A synthetic image of a messy bedroom (Image by author).

We generated the above image using a graphic software. Once we build (in the software) the 3D models of the environment and everything in it, we use its ray-tracing renderer to generate an image of the scene from any camera view point we like, under any light conditions we want. We have full control.

Now if you think collecting real images is hard, wait till you try to label these images. You’ll need to launch a long and expensive labeling operation to teach humans how to tag those pixels according to your standards. Of course, with synthetic images, we can easily produce pixel-perfect labels for any aspect of the image, including things humans can’t asses, like depth and surface normal maps.

From top-left going clockwise: scene rendered under different light conditions, surface normal-map, depth map, object class labels (Image by author).

Collecting Assets

In order to help our user train her robot, we need to generate tens of thousands of bedrooms like the one above, and we need to fill them up with stuff: furniture, cloth, books, used cups, remote controls, etc.
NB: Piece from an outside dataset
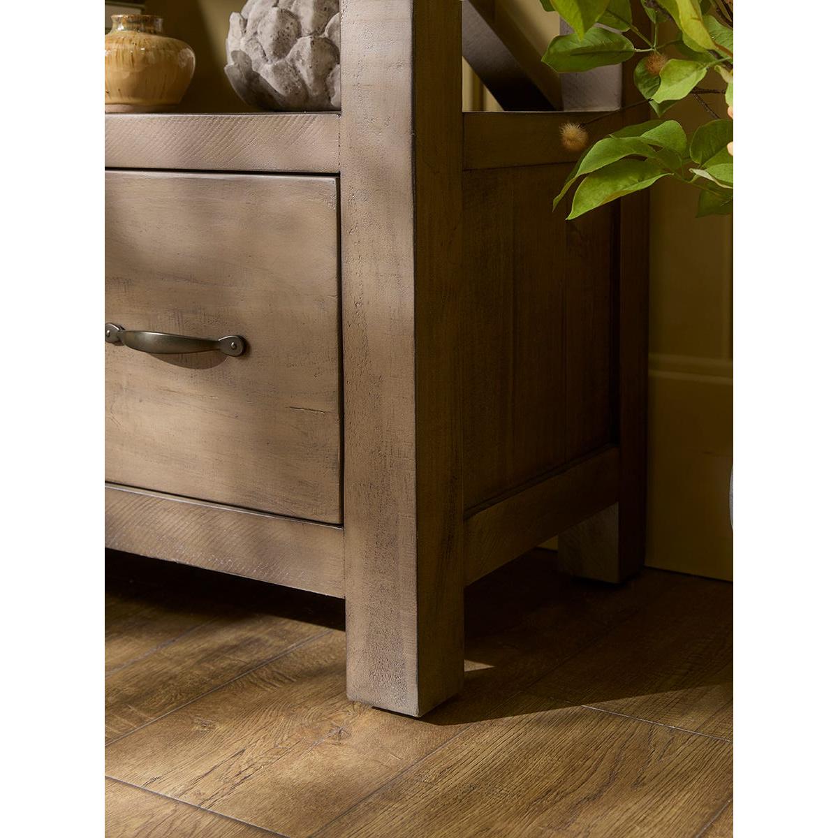 I love this piece for its versatile, rustic charm that complements both traditional and contemporary interiors. The timber finish adds warmth and character, making it a practical yet styled storage solution. It's perfect for displaying books, ceramics or personal treasures in a living room or study, and the pull-out drawers provide handy storage for bits and bobs. For styling tips, consider layering with woven baskets or greenery to soften the look, or add antique accessories for a lived-in, curated feel. It works especially well in spaces with neutral or muted colour palettes, where its natural finish can stand out as a feature.

Hence, we maintain a large catalogue of artist-made 3D objects (we call them assets). Our catalogue spans over one million objects, and we take pride in it.

Each asset object consists of a detailed 3D mesh (a polygonal structure made of triangles, which defines the shape of the object), and a texture map (an image, which defines the appearance of the object, as if it is a blanket used to cover the mesh surface).

An asset (left) is represented by a mesh structure (middle) and a texture map (right). Image by author.

Other than the mesh and the texture map which define the object visually, the rest of the information stored for each asset is whatever the 3D artist decided to put in a textual meta-data file, like the type of the object (“dining chair”), and whatever tags that seemed relevant at the time.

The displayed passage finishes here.